Segment Open
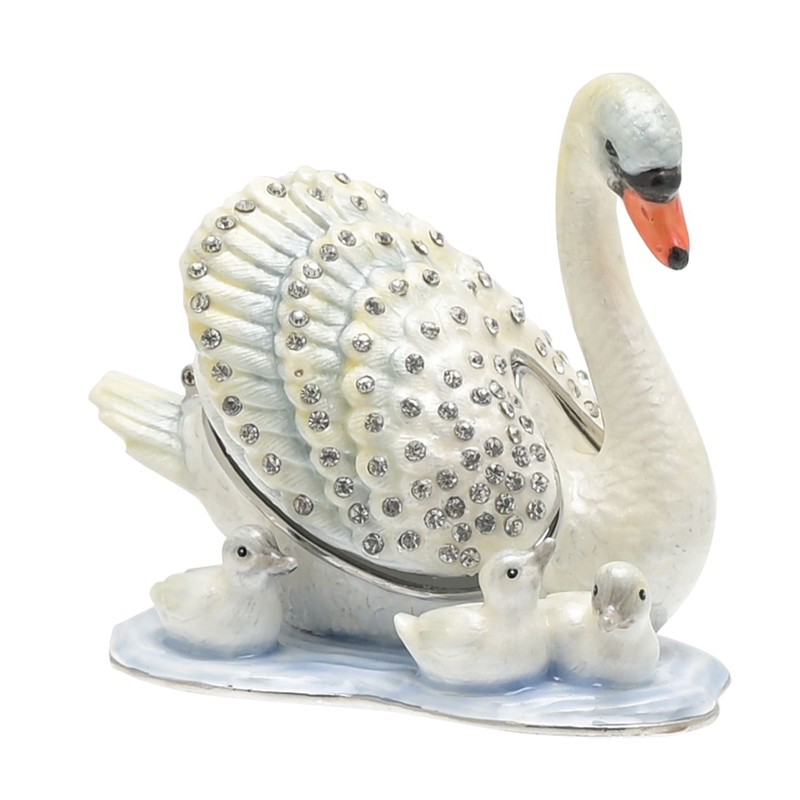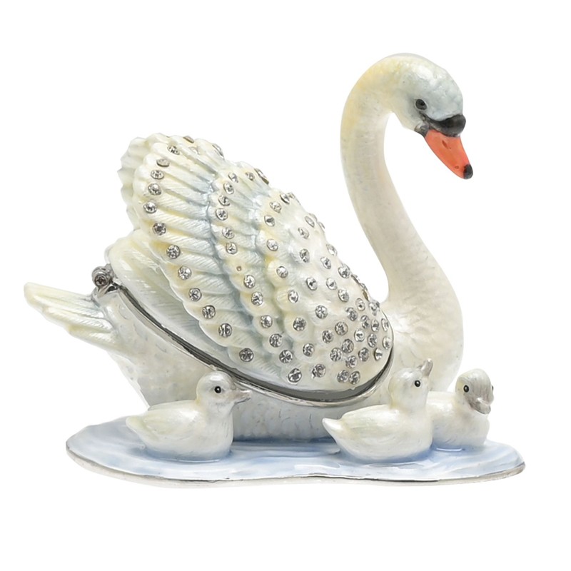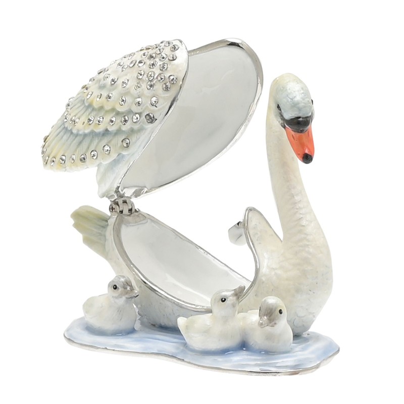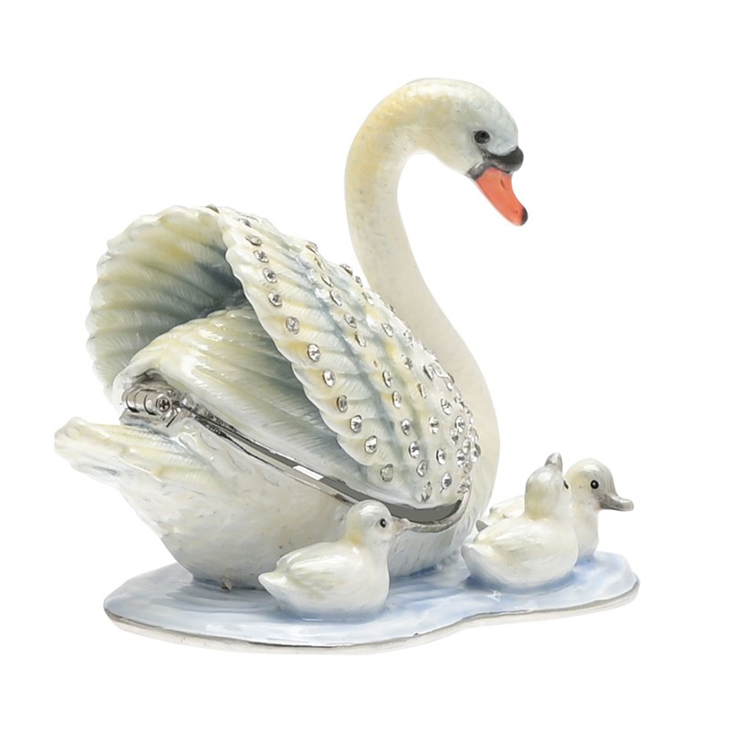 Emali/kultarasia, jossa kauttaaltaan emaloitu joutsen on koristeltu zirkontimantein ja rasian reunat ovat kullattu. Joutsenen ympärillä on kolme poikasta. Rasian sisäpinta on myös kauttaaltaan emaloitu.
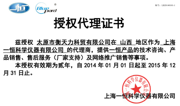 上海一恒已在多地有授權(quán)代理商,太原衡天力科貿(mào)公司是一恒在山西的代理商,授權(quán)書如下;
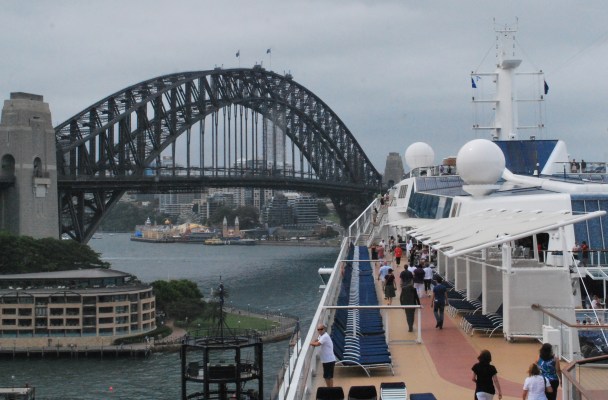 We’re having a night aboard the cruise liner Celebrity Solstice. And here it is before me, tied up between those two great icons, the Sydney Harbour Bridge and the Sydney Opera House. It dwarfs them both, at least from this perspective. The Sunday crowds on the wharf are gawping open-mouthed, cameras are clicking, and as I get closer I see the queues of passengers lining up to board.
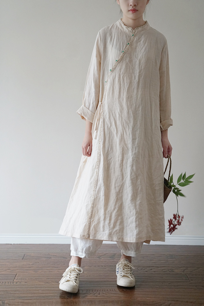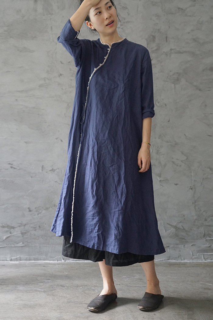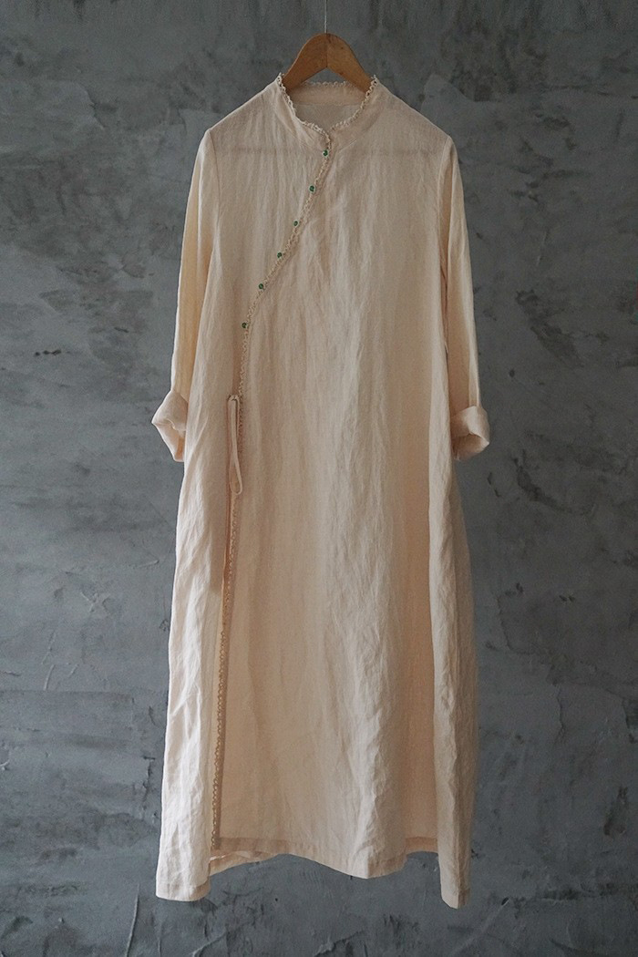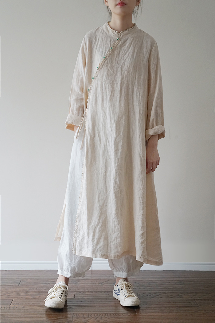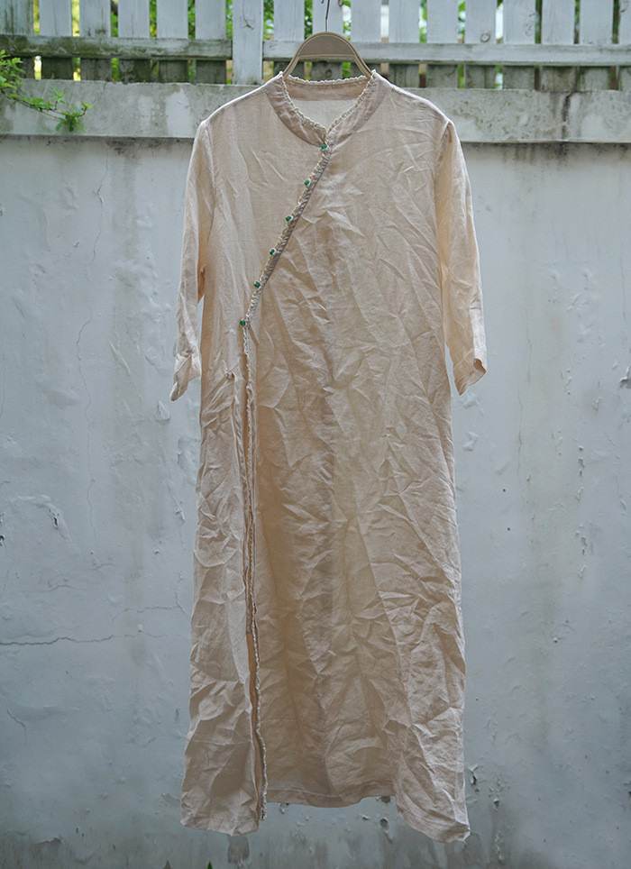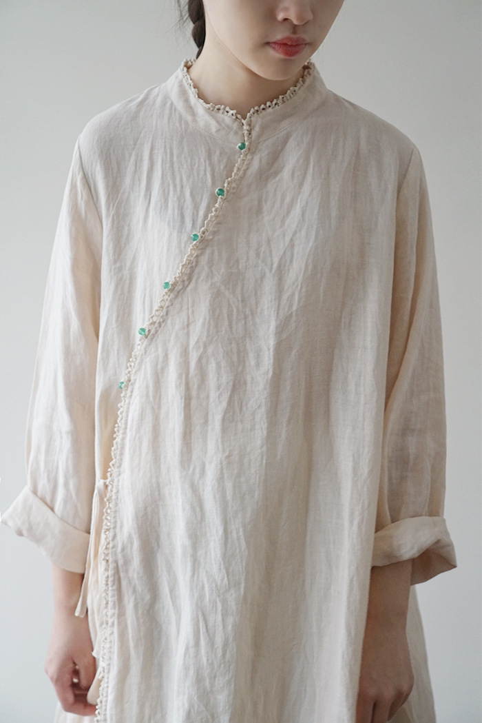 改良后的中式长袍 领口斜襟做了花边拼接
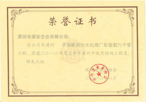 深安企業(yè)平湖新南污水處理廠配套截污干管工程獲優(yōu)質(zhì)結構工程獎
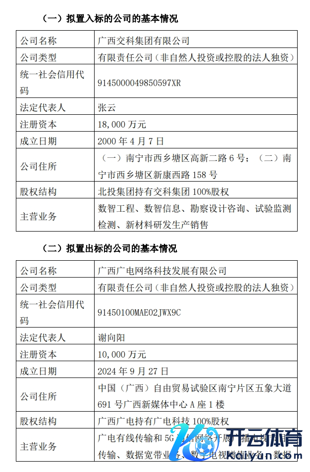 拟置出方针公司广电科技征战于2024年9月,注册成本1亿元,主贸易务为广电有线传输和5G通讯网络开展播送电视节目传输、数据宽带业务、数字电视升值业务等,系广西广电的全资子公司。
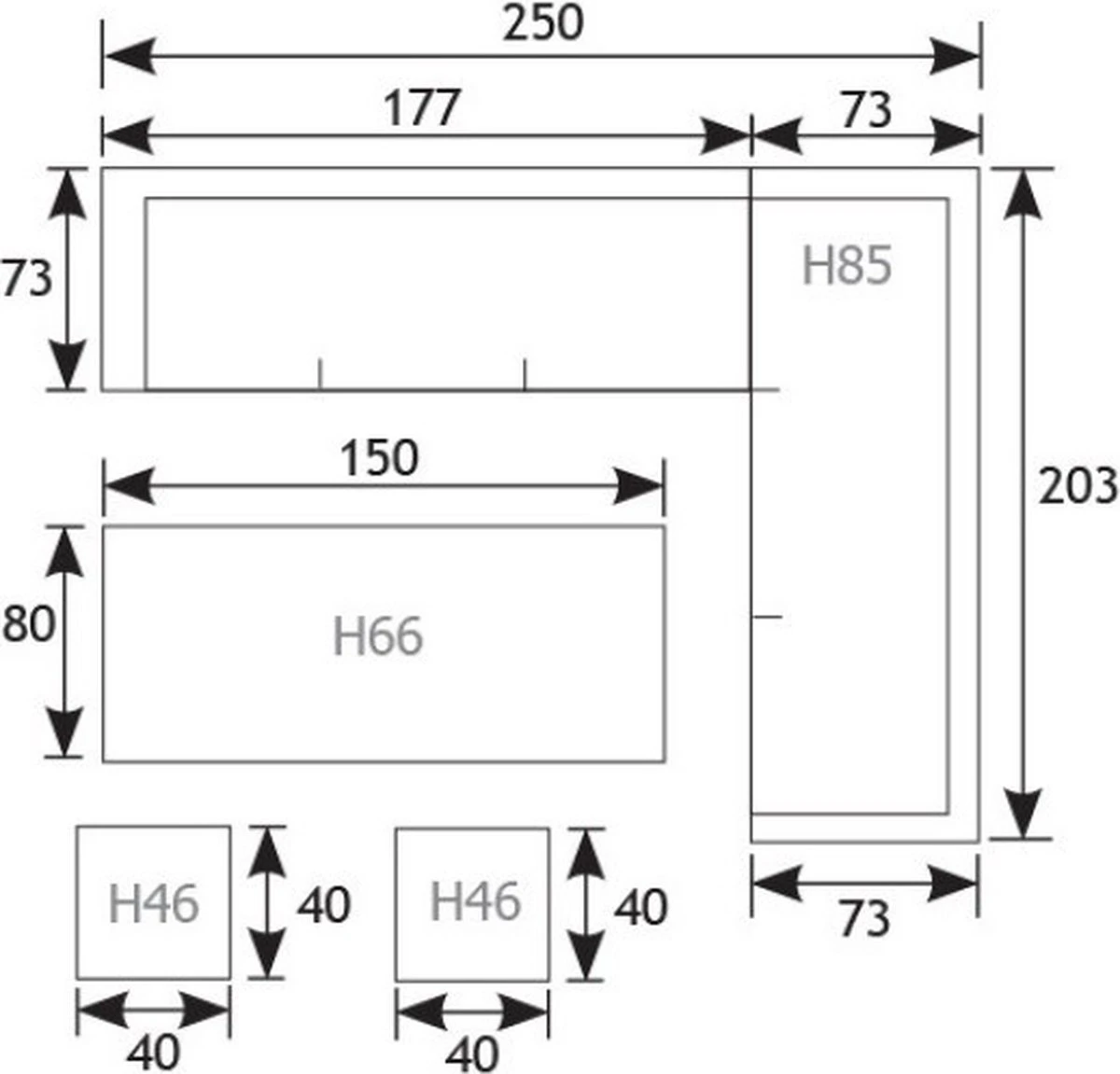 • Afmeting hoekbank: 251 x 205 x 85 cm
Segment Closed
:: What the task requires ::
When the line that holds "拟置出方针公司广电科技征战于" is reached, begin duplicating exactly, and continue through the last line of the listing, skipping the pictures; output nothing else.

:: Worked solution ::
 拟置出方针公司广电科技征战于2024年9月,注册成本1亿元,主贸易务为广电有线传输和5G通讯网络开展播送电视节目传输、数据宽带业务、数字电视升值业务等,系广西广电的全资子公司。
 • Afmeting hoekbank: 251 x 205 x 85 cm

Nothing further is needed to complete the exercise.